E450 Support and bus_space cleanup

First of all, if you don't like experimental code, don't even think of using this.

First Generation

Here are some changes that let my E450 run OpenBSD -current. There were a few things that needed to be fixed and this was my first hack at it:

  • The E450 ("SUNW,Ultra-4") seems to need the same OpenFirmware work-around as the E250 ("SUNW,Ultra-250"). Without docs regarding the "test"/"test-method" code, I can only say that without the change, OF REDs back to the OF console when called. [Checked in 30-Jan-03]
  • The bus_space_map2() call modifies the ASI of the bus tag (indirectly, it really modifies an index into a table that looks up the ASI). This causes all sorts of grief (especially when the root bus tag is clobbered). Then meaning of any bus_space*() call using that tag then depends on what was passed to bus_space_map2() the last time someone called it with the same bus tag (or, in some cases, with any child of the same bus tag). The implemented change is to make bus_space_handle_t a struct that includes the ASI and pass it by value. That isn't quite as bad as it sounds since most (all?) calls that use it in the critical path get inlined anyway.
  • Many places simply cast addresses to bus_space_handle_t's. Quite apart from the stupendously ugly hack that it is, using a struct for bus_space_handle_t breaks this code completely.
  • The streaming buffer code assumed flushes used 8-byte buffers to indicate completion. The psycho actually writes 64-bytes to a truncated 64-byte boundary (leading to trouble if the pointer supplied to the hardware doesn't point to an appropriate area of the required size).
  • The streaming buffer code was missing a some membar()s (??? The v9, US-II, IIi, and III manuals all seem to have different things to say about this).
  • The psycho's interrupts are mapped to UPA port 0. Since this box only has CPUs 1 and 3 populated, no interrupts ever got through. intr_establish() now insists on remapping interrupts to point to the current CPU (this needs to be revisited for MP support, but even then, there are certain advantages to sending interrupts to someplace other than /dev/null).
  • The mainbus bus tag has been made const. This puts it in "rodata" which makes it much more difficult to accidentally clobber it (the system faults).
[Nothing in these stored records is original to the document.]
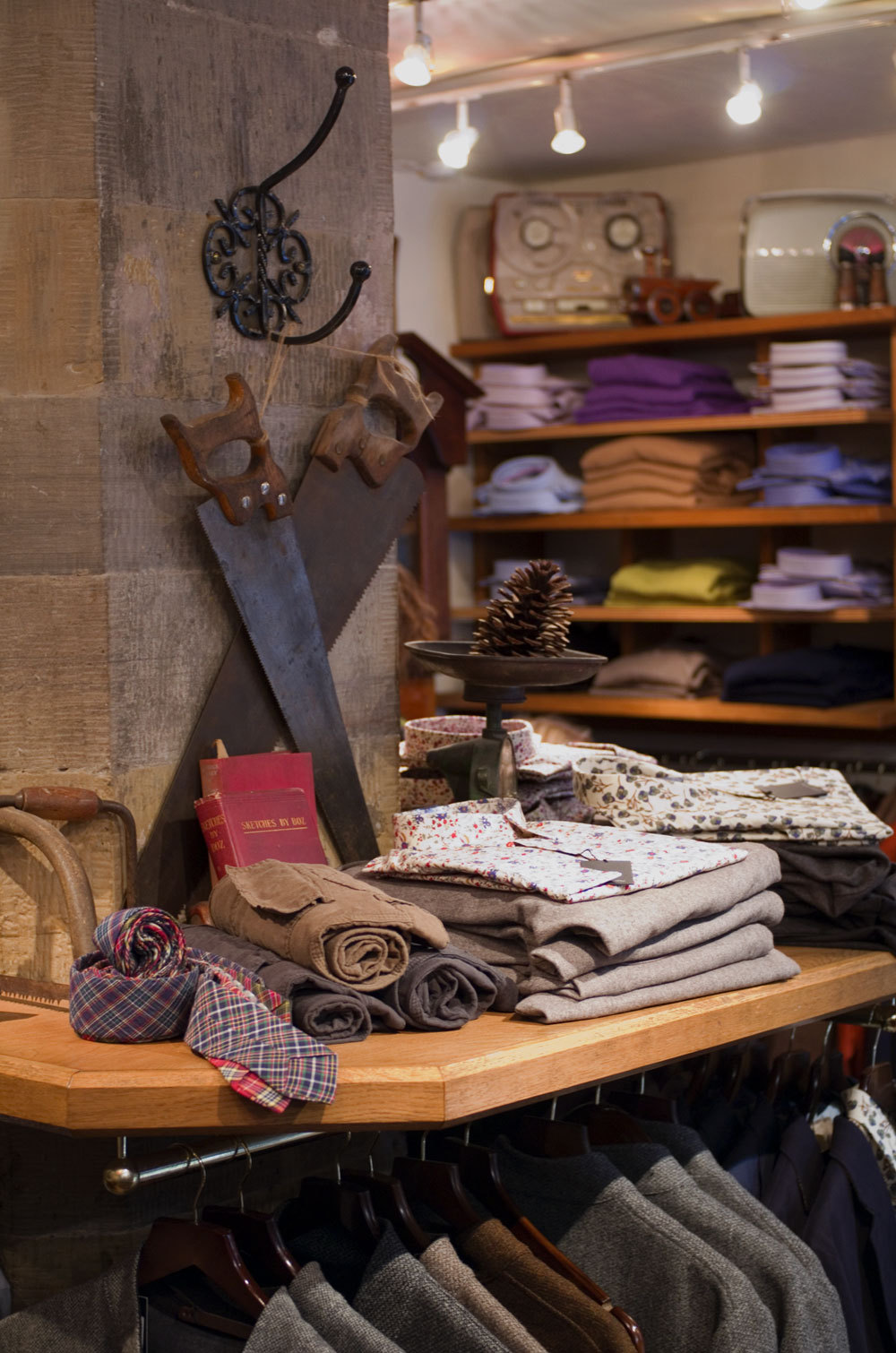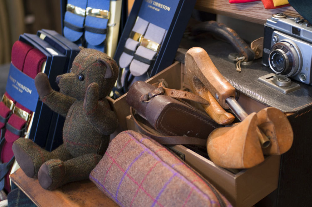 The shop began in the 1980s featuring more standard fashion fare, but the owners quickly found that despite Edinburgh’s status as one of the cultural capitals of Scotland, which itself is the world’s capital of tweed, there wasn’t much decent tweed to be found. They experimented with tweed trousers, sold them quickly, and within a few years they were off to the races, leaving t-shirts behind in favor of breeks and braces.
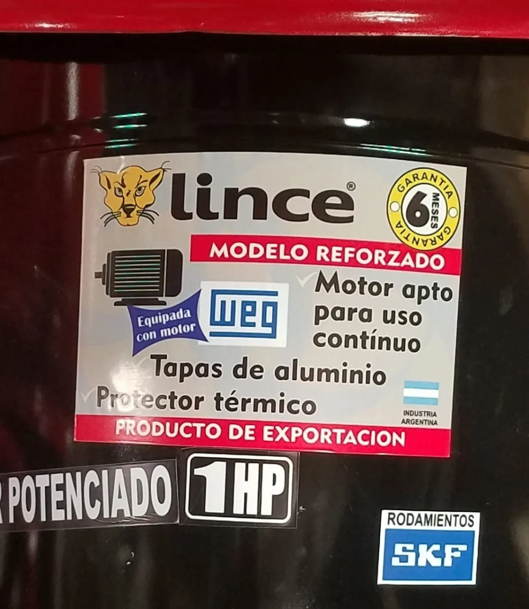 * Motor potenciado WEG 1 HP montado sobre rulemanes, tapas de aluminio. Única con PROTECTOR TÉRMICO que evita que se queme.
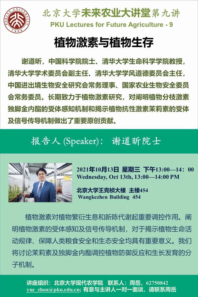 講座通知:北京大學未來農(nóng)業(yè)大講堂第九講——植物激素與植物生存
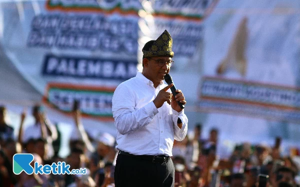 Calon Presiden No Urut 1 Anis Rasyid Baswedan saat berorasi politik dalam kampanye akbar di Pelataran Benteng Kuto Besak Palembang, Kamis (25/1/2024). Wahyu Rahmanto/Ketik.co.id
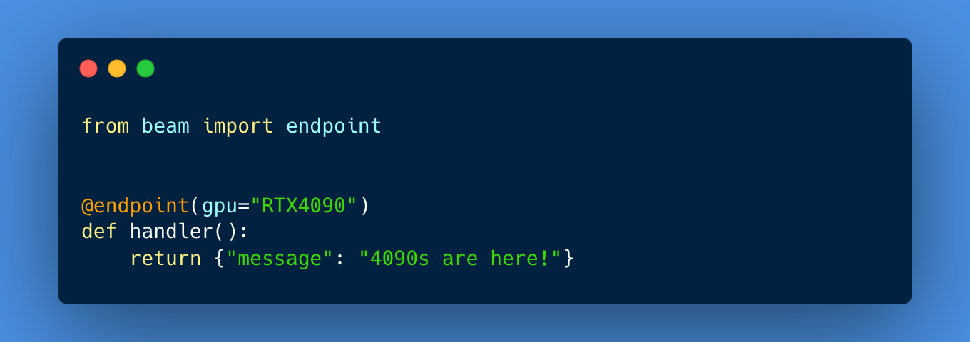 These are fantastic cards: they outperform A100s for many inference tasks and only cost $0.69. To use them, just addgpu="RTX4090"
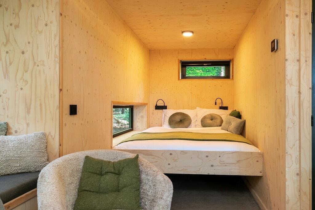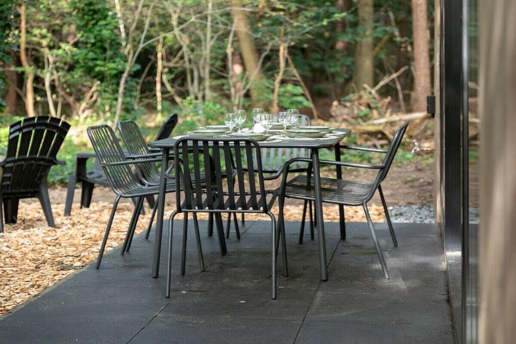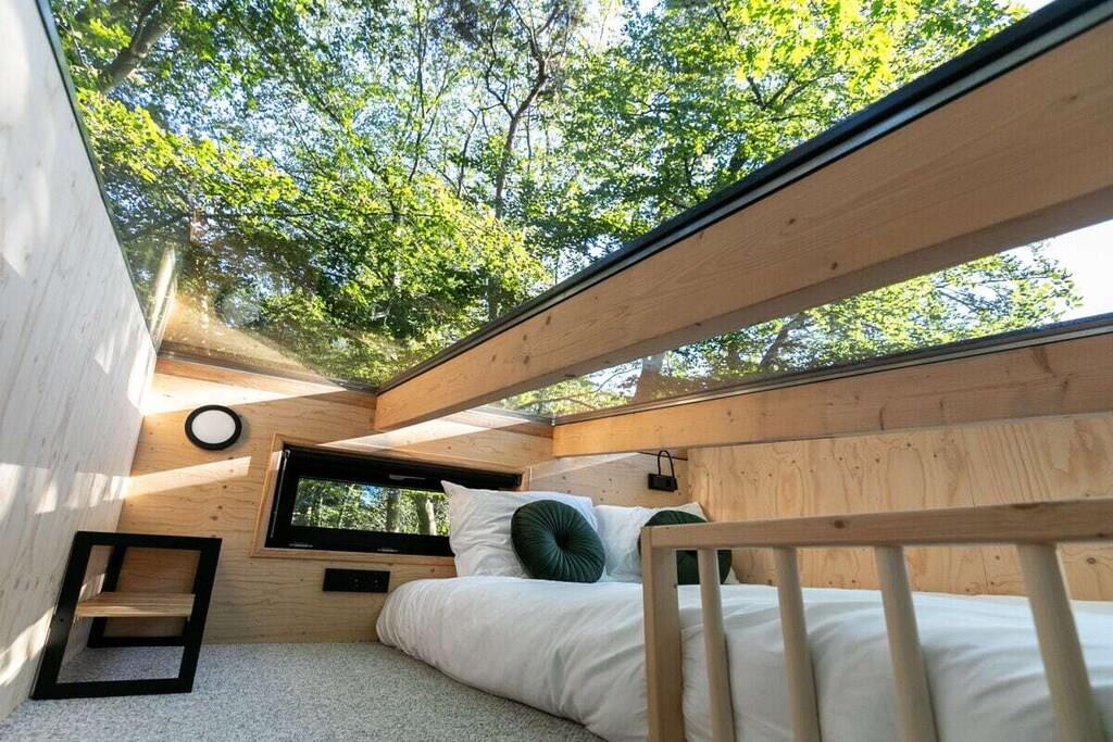 Sov i den luksuriøse dobbeltseng i alkoven med udsigt over skoven. Eller nyd romantiske nætter for to på hemsen under stjernerne og trætoppene. Der er også et soveværelse med en køjeseng. En oase af fred og luksus, smukt beliggende i Teteringen-skoven, mellem Breda og Oosterhout. Lige ved siden af De Haenen Golf Park, mountainbike-ruter og vandrestier, tilbyder dette hus med regnbruser og spabad den perfekte base for golfentusiaster, (eventyrlystne) cyklister, vandrere og besøgende i den pulserende by Breda.

This could perhaps be useful for other kernel objects. This change is not required to get the E450 booting.
  • bus_space_tag_t was made a pointer to const. The only code that has any reason to muck with it should be working with (a pointer to) the underlying struct anyway. (There is no abstraction in a constructor; it needs to know what it's creating.) This change is not required to get the E450 booting.
  • In order to try to be more strict about argument types and to prevent the odd bugs that can result from using macros that declare variables (consider a macro with an argument that evaluates to the name of one of the local variables), much of bus_space*() code in bus.h was converted from macros to inline functions. A spot check suggests that the generated code is pretty much identical.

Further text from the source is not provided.